Например: «Вот правду мне на посту сказали! Мама у Сашки плакса! Посмотрите, ребенок у Вас замечательный: лежит, улыбается, радуется жизни! Даром что понос 20 раз за сутки! А выглядит молодцом! А на Вас смотреть больно! Я распоряжусь, чтоб Вам валериану дали! Уж что-что, а валерианы у нас на всех хватит». Тут он на секунду прервался, глянул на меня поверх очков и сокрушенно добавил: «Хотя Вам валериана, что слону дробина. Ну, чем богаты…»
После него тут же прискакала медсестра с эликсиром и стала с укоризной увещевать: «Доктор все верно Вам сказал, мама! И чего вы истерите! Ребенок Ваш сам какает, сам кушает, еще и писает сам, и рвет его только от лекарств пока! Так что все прекрасно, а Вы слезы льете!
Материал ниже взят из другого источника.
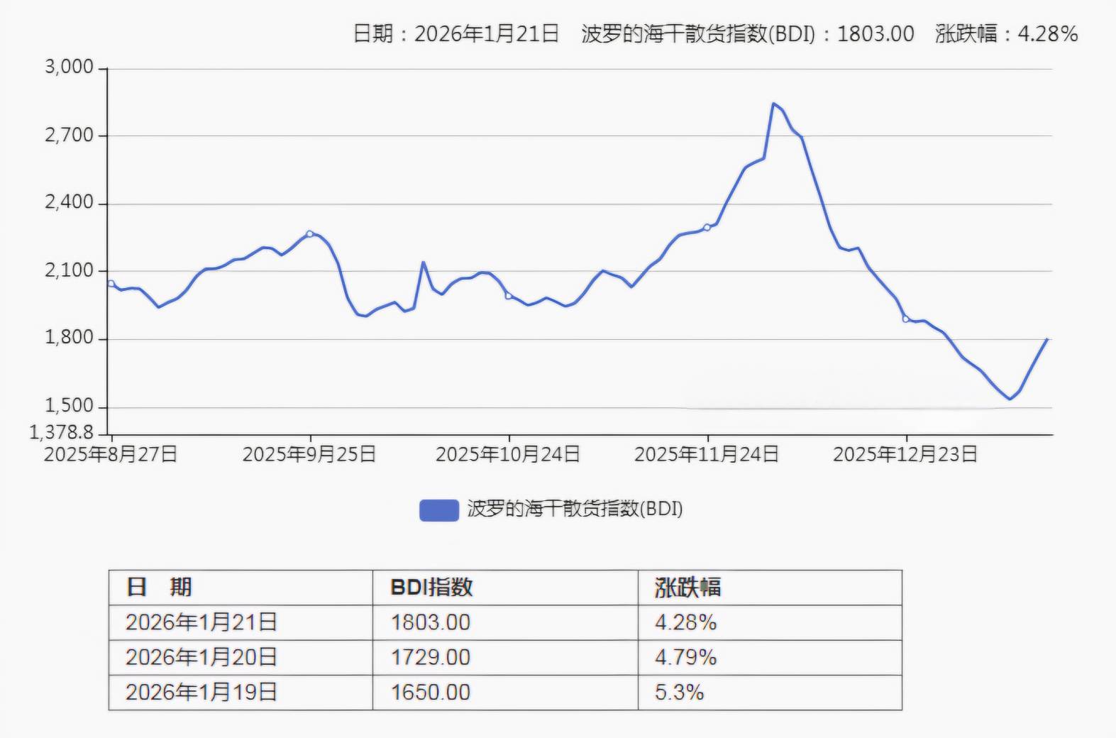 波羅的海航運交易所數據顯示,本週散裝船運市場運價走勢止跌回升,綜合運價指數(BDI)在本(一)月中跌破一千六百點回升至1/21的1803點。(見圖)

Не тратьте их зазря! Все Ваши слезы еще впереди! Вот подождите, вырастет — задаст Вам жару! Тогда поймете, какое это счастье было, когда вот такой маленький и беззащитный лежал он тут с поносом!»
Ясно, что речи эти меня не успокаивали вовсе, и оценить их правдивость тогда мне было сложно. Жизнь наша там представляла собой бесконечную чехарду из поносов, капельниц, обезвоживания и рвоты, беспорядочно сменявших друг друга независимо от времени суток. Понятно, что к исходу третьего дня я уже совсем плохо соображала. Тем более не могла вразумительно ответить на душераздирающие вопросы бездушных регистраторов — врачей и медсестер: сколько раз за сутки был понос? из них сколько с кровью? какой консистенции? какой объем жидкости ребенок получил за сутки? а сколько раз была рвота?
Эмоциональная истощенность вкупе с усталостью делали свое дело, и я представлялась персоналу больницы чем-то вроде истерички. Желая поправить положение, я решила записывать все, что ребенок потребил и выкакал за сутки, чтоб объективизировать в том числе и свои представления о реальности.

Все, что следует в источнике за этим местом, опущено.